I say "unexpected", but, of course, it's totally expected as this is an eighties teen sex comedy, where the embarrassment-based laughs come thick and fast. Written by the director Boaz Davidson, and based on an Israeli Lemon Popsicle film, The Last American Virgin is less Animal House than Porky's, but there's a difference between your average teen sex farce and this example: this time, you're supposed to take it all very seriously indeed. Sure, it doesn't look like it'll be grim at the beginning, and in its own episodic way the humorous set-ups are present as in the staples of the genre, but the clues are there.
Those clues are largely in the form of the lovesick Gary's pining for Karen. He concocts an excuse for driving her to school one morning, and is delighted to hear she has no boyfriend. Unfortunately, he's less delighted when his best friend Rick gets to her first, and she ends up as his girlfriend rather than Gary's - there's trouble brewing.

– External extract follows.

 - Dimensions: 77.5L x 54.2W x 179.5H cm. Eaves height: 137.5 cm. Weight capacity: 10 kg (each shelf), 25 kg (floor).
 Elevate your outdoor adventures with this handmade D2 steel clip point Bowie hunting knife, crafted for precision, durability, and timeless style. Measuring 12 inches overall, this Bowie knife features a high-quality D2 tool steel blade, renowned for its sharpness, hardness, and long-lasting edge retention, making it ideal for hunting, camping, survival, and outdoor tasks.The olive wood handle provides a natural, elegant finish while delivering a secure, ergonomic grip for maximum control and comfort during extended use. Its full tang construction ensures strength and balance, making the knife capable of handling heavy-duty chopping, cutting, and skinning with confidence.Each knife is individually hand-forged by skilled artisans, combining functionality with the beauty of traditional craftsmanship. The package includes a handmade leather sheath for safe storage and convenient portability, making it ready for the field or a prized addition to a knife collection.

But before we get there, we have to endure, sorry, enjoy the supposedly hilarious misadventures of the terrible trio and their attempts to get laid, in time-honoured fashion, all accompanied by too many soft rock hits of the day.

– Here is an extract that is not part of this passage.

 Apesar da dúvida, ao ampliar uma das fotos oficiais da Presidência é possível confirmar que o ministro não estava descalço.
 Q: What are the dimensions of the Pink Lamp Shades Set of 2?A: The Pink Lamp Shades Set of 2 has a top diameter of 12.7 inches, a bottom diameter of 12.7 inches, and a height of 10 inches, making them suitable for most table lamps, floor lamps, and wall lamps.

To be fair, they do raise an occasional chuckle, as when they substitute sweetener for the cocaine they don't have, and the girls snort it up with gusto, unawares. Then there's the exchange between Rick and his latest conquest: "I'm not on the pill," she warns, "Neither am I", he admits. However, this will have an unwelcome resonance later on. Meanwhile, we stray into Robin Askwith territory when the boys visit a randy, Spanish housewife for some Confessions style action - the sight of the overweight David shagging a woman old enough to be his mother to the strains of K.C. and the Sunshine Band is none too pretty.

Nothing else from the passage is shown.